I always marvel at the irony, however, of the constant push within mainstream medicine to be more evidence-based, more science-based, and more scientifically rigorous and conservative, while at the same time proponents of so-called alternative medicine are pushing for decreasing scientific rigor, for loosening the standards of evidence, and weakening or even eliminating the science-based standard of care.

In addition to eroding scientific standards, they rush to institutionalize their ideas and treatments before any compelling validation, and they know nothing about medical reversals. My ongoing challenge to proponents is to name one alternative medicine modality that was condemned and abandoned following scientific evidence for lack of efficacy. I’ve been doing this for a long time, and I can’t think of one. (Sometimes the branding and marketing changes, but not the treatment itself.)

In the last two decades the institutionalization of unscientific medical methods and even entire systems has accelerated, fueled by profits and slick marketing. One distressing example of this institutional support recently came to my attention – the American Board of Physician Specialties now has certification in “Integrative Medicine.”. They list the topics for the certification exam, which includes things like energy medicine, homeopathy, shamanism, craniosacral therapy, and elimination diets.

These trappings of legitimacy matter, because they blur the lines between science-based medicine and medical nonsense. It seems undeniable that purveyors of worthless treatments will exploit people because the ABPS has essentially given their stamp of approval to pseudoscience.

Conclusion

There are those within the culture of medicine who are correctly pointing out that medical treatments need to be rigorously science-based, otherwise we risk violating our prime directive – first do no harm. The profession of medicine also has a contract with society, and that contract includes the promise of due diligence.

Applied science is hard, and we have learned a great deal about the many pitfalls of gathering and evaluating scientific evidence for a system as variable and complex as the human body. The funding, design, execution, peer-review, publication, evaluation, and application of scientific studies have to be examined carefully to root out error and systematic bias. The fruits of this evidence needs to be communicated to practitioners, and errors need to be corrected quickly.
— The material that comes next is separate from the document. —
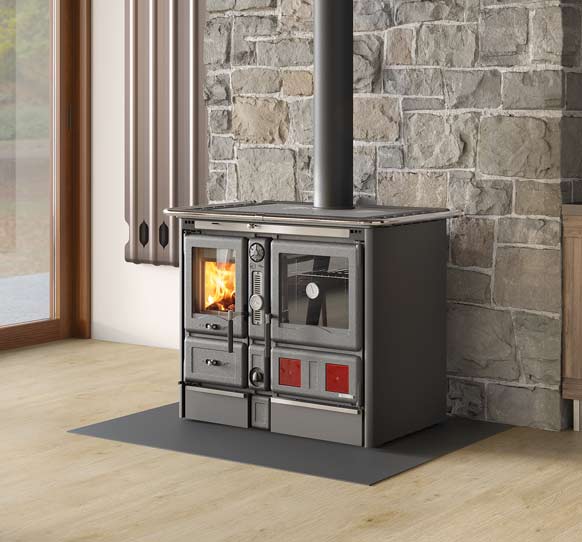 Kuchenka opalana drewnem, która łączy się z instalacją grzewczą i wodno-kanalizacyjną, wydajnie i ekologicznie ogrzewając cały dom z doskonałą mocą cieplną, niskim zużyciem drewna i pełnym poszanowaniem środowiska. Niskie zużycie drewna i całkowite poszanowanie środowiska. Wyposażona w duży piekarnik i żeliwną płytę do gotowania

The culture of alternative medicine violates all of these principles. They advocate for looser standards of evidence, for an anything-goes style of practice, and perpetuating error without limit or any mechanism of self-correction. They call this philosophy “alternative, ” “integrative,” “complementary,” “holistic,” and “patient-centered,” and promote it with calls for “health care freedom.” In reality it is simple pseudoscience and nonsense that exploits patients for profit and wishes to be unshackled by any regulations that would hold them to standards of evidence – because they cannot meet those standards of evidence. If they could they would be practicing medicine, and would not need any special exemptions or labels.

 

Steven Novella, M.D. is the JREF's Senior Fellow and Director of the JREF’s Science-Based Medicine project.